Cuma, Eylül 02, 2005

Ev Kedileri

Küçükken kumsalda dalgalarla oynadığım bir oyun vardı. Dalgalar kıyıya vururken ayaklarımı ıslatmadan dalgaya en yakın mesafede durmaya çalışırdım. Dalga gelince onunla beraber kıyıya döner, geri çekilince de peşinden denize giderdim. Sanki dünyanın kıyısında ölümle oyun oynamak gibi gelirdi bana. Aslında en heyecanlısı da akşamları ve ayağınızda en sevdiğiniz ayakkabıyla bu oyunu oynamaktır. Yapacağınız en ufak hesap hatası hem en sevdiğiniz ayakkabıya hem de annenizden yiyeceğiniz güzel bir fırçaya neden olacaktır.
Zamanının adrenali işte.
Bugün sistem o kadar güvenliğe yönelik ki çocuksu heyecanları bile özler olduk. İnşaatların ikinci katından kum yığınlarına atlama işi bile tam aksesuarlı paraşütlerle! yapılıyor. Evet, hepimiz emniyette olmayı seviyoruz ama ben emniyette olmayı sevmeyi sevmiyorum. Hayatta kalma içgüdümüz, teknoloji ve standartlar aslında bizleri birer ev kedisi haline getiriyor. Tırnakları olan ama fare tutmayı bilmeyen, fare cennetinde aç kalabilen kedilere.

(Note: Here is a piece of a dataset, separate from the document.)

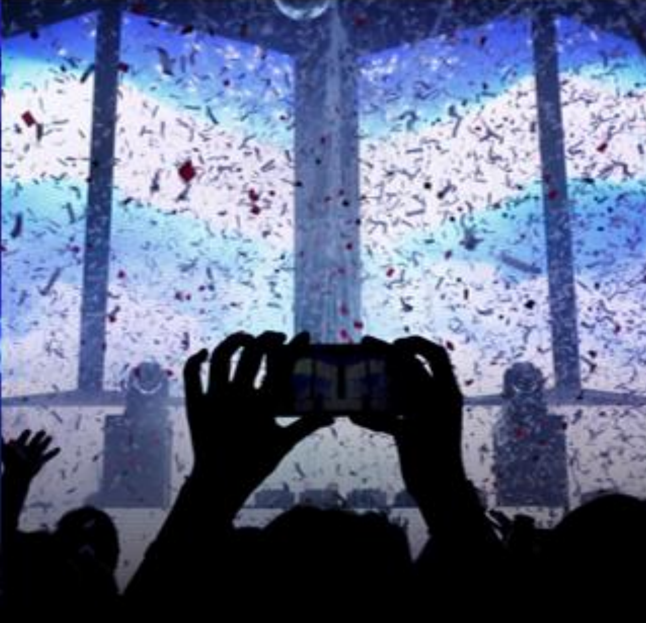
EDM MUSIC PARTY HEAVEN & HELL

Farkında mısınız hayatımızı ne kadar emniyete alırsak aslında o kadar mutsuz olmaya başlıyoruz. Hayata baktığımız açılar ve algılarımız bizleri hayatta tutmaya yetmemeye başlıyor. Yani hayat ne kadar kolaysa o kadar bizden uzak aslında. Yaşıyoruz ama zevk aldığımız şeylerin sayısı da git gide azalıyor. Biliyorum ki insanların bu durumu çözmek için geliştirdikleri yapay zevkler de bir gün bitecek.
İşte o gün ben kaç yaşında olursam olayım inşaatın ikinci olmasa da birinci katından hem de yukarıya! bakarak atlayacağım.